The logic circuit portion 86 of the control circuit 80 comprises a timer 108 for controlling the amount of time the motor 32 is on and the amount of time the motor 32 is off. Output of timer 108
110 is a flip-flop 116 via an inverter 112.
The trigger signal is supplied to the clock input terminal of. Thereby, the flip-flop 116 is triggered on the rising edge of the inverted timer signal. Flip flop 116
Acts as a switch and produces an alternating signal from its outputs 118 and 120 to the two NAND gates 122 and 124. The timer signal from output 110 is also fed to NAND gates 122 and 124 in a non-inverting state, whereby
The NAND gates 122 and 124 decode the outputs of flip-flop 116 and timer 108. Output terminal of NAND gate 122
126 is connected to the base of the transistor 106 of the drive circuit 84, while the output 128 of the NAND gate 124 is connected to the transistor 104.

Transistor 130 and Zener diode 132 are RC element 13
In combination with 4 and 136, it produces an output on conductor 138 after a predetermined period from the first power up, which causes NAND gates 122 and 124 to power drive circuit 84 until timer 108 stabilizes. A time delay is provided to prevent this.
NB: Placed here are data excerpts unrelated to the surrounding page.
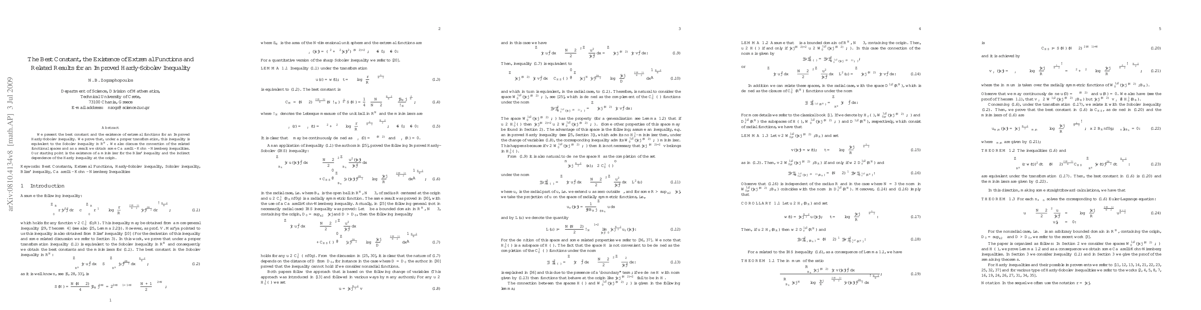 This paper identifies the best constant and extremal functions for an Improved Hardy-Sobolev inequality, demonstrating its equivalence to the Sobolev inequality in $\mathbb{R}^N$ under a specific transformation. It also explores related functional spaces and derives Caffarelli-Kohn-Nirenberg inequalities, grounded in the existence of a minimizer for Bliss' inequality.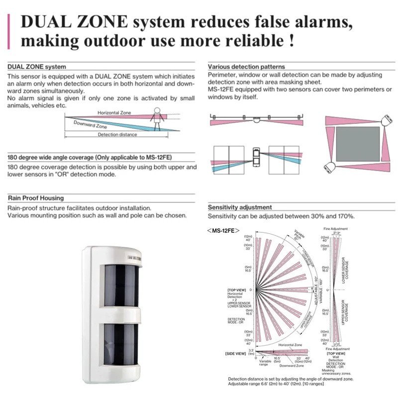 A major issue when using outdoor PIR sensors is the unwanted activations triggered by animals, both wild and household. To address this, TAKEX has designed the 'Dual-Zone' PIR sensors, which integrate a horizontal curtain and a downward curtain. Both zones must be triggered at the same time for an alarm to sound. With an impressive range of up to 180˚ and covering 12 meters, these sensors are ideal for residential and industrial use. They are also pet-friendly. .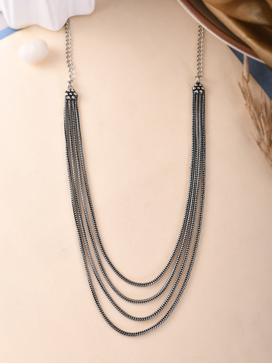 Multi-Strand Silver Necklace | Ethnic Set For Women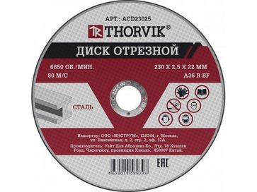Закажите Диск отрезной абразивный по металлу, 230х2.5х22 мм, ACD23025, Thorvik у компании Юмакс-Трейд, ООО в Перми на портале Alloy: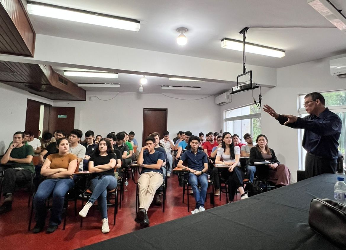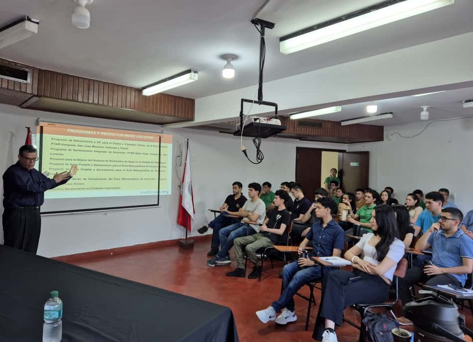El pasado miércoles 15 de Octubre del presente año, se realizó en la Facultad de Ingeniería de la Universidad Nacional de Asunción (FIUNA) Filial Ayolas, la charla técnica sobre el Proyecto de Saneamiento de la Ciudad de San Ignacio – Misiones, a cargo del Ing. Eduardo Godoy, especialista en Saneamiento de DAPSAN – MOPC. Durante la actividad se presentaron los principales componentes del proyecto, sus implicancias técnicas y ambientales, así como una síntesis del estado de las plantas de tratamiento de aguas residuales (PTAR) en el país.

Reference is now made to FIG. 5, which is a signal pulse waveform diagram for the circuit of FIG. 4, which shows the timer trigger signal 140 generated on the timer output conductor 110. The inverted timer signal 142 is generated by the inverter 122 and applied to the clock input 114 of the flip-flop 116.
The flip-flop output signal on conductor 118, shown as signal 144, switches states at each positive transition of the inverted timer signal 142. Also flip-flop 116
Produces a signal 146 on conductor 120 that is the inverse of signal 144. The NAND gate 122 has a timer signal 140 and a flip-flop.
Upon receiving the flop signal 144, a signal 148 is generated based on the flop signal 144, and the signal 148 is supplied to the drive circuit 84. Also, NAN
D-gate 124 is a timer signal 140 and an inverted flip-flop.
It receives flop signal 146 and generates signal 150. This signal
150 is supplied to the drive circuit 84. Signal 148 consists of a series of square wave pulses, while the square wave pulses of signal 150 occur between the signal pulses 148. Therefore, the output of the logic circuit 86 is preferably a series of square wave pulses, with a signalless period between each pulse, which are alternately modulated as inputs to the opposite polarity field of the motor 32. Produces a square wave pulse. Drive circuit 84 and logic circuit 86
There is no feedback between and so in the present invention,
It can be said that open loop control is employed.
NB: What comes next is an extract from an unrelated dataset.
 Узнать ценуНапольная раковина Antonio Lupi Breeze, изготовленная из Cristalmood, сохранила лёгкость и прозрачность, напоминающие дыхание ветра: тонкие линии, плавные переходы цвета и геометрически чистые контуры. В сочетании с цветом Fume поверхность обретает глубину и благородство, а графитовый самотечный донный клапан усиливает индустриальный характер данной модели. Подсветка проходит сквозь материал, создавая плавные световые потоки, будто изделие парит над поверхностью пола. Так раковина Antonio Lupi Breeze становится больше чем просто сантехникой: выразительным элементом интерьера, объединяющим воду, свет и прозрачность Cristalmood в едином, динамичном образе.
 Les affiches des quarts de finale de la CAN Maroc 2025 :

FIG. 6 shows a motor speed curve 152 for a motor 32 operating in accordance with the principles of the present invention. The electric motor 32 produces an output which is represented by a curve which is somewhat sinusoidal in shape. Each complete cycle of the motor speed curve of FIG. 6 occurs every 0.96 seconds, resulting in a stirrer 30 stroke count of 63 strokes per minute. Each cycle can be divided into four partial cycles. The first partial cycle of which is shown at 154 and has a duration of 0.3 seconds and represents the motor start phase from zero speed. Every 0.3 seconds, a second stage partial cycle indicated by reference numeral 156
It starts with the disconnection of the electric power from the electric motor 32. This second stage 156 lasts for 0.18 seconds, and it can be seen that the motor gradually slows to near zero speed. In the partial cycle or stage 158, the motor 32 begins to accelerate in the opposite direction for 0.3 seconds. After a predetermined time, power is again disconnected from the motor 32 at step 160 and the motor 23 coasts toward zero speed for 0.18 seconds.
At zero speed, the cycle begins again, producing a generally sinusoidal continuous output with on / off pulse drive of the motor with alternating square wave signals.
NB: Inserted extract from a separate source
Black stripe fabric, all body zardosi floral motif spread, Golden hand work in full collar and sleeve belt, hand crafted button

FIG. 7 shows a current curve 162 flowing from the feed conductor 88 through the motor 32 for comparison with the motor speed curve 152 of FIG. As is clear from this figure, the electric motor 32 has
During positive and negative acceleration, different windings are supplied with square wave AC power modulated at 60Hz. This AC
Power is interrupted between each direction reversal, which allows the motor to slow down before starting in the opposite direction.
The positive acceleration is done with AC power received by the motor 32 for the duration of the pulse 148, while the negative acceleration is done with the pulse.
This is done with AC power applied to the motor 32 for a duration of 150.

The modulated square wave, designated by the reference numeral 162, has a duration and a dwell period corresponding to the drive characteristics of the electric motor, the speed reducer and the stirrer so that an angle of attack between 120 ° and 230 ° is obtained. In the preferred embodiment, the range angle is between 190 ° and 200 ° and the range number is between 60 and 70 per second. The term "stirrer stroke" as used herein is defined as the stirrer's rotational movement in one direction followed by rotation in the opposite direction to the starting position. Also, the range angle is the rotational movement angle in only one direction.

Referring now to FIG. 8, which shows the agitator speed according to the present invention as curve 170. As is clear from a comparison of the graphs of FIGS. 6 and 8, the agitator motion is further smoothed by the characteristics of the drive mechanism 34 and the flexible blade agitator 30, and the sine wave is closer to a square wave input. Output is obtained.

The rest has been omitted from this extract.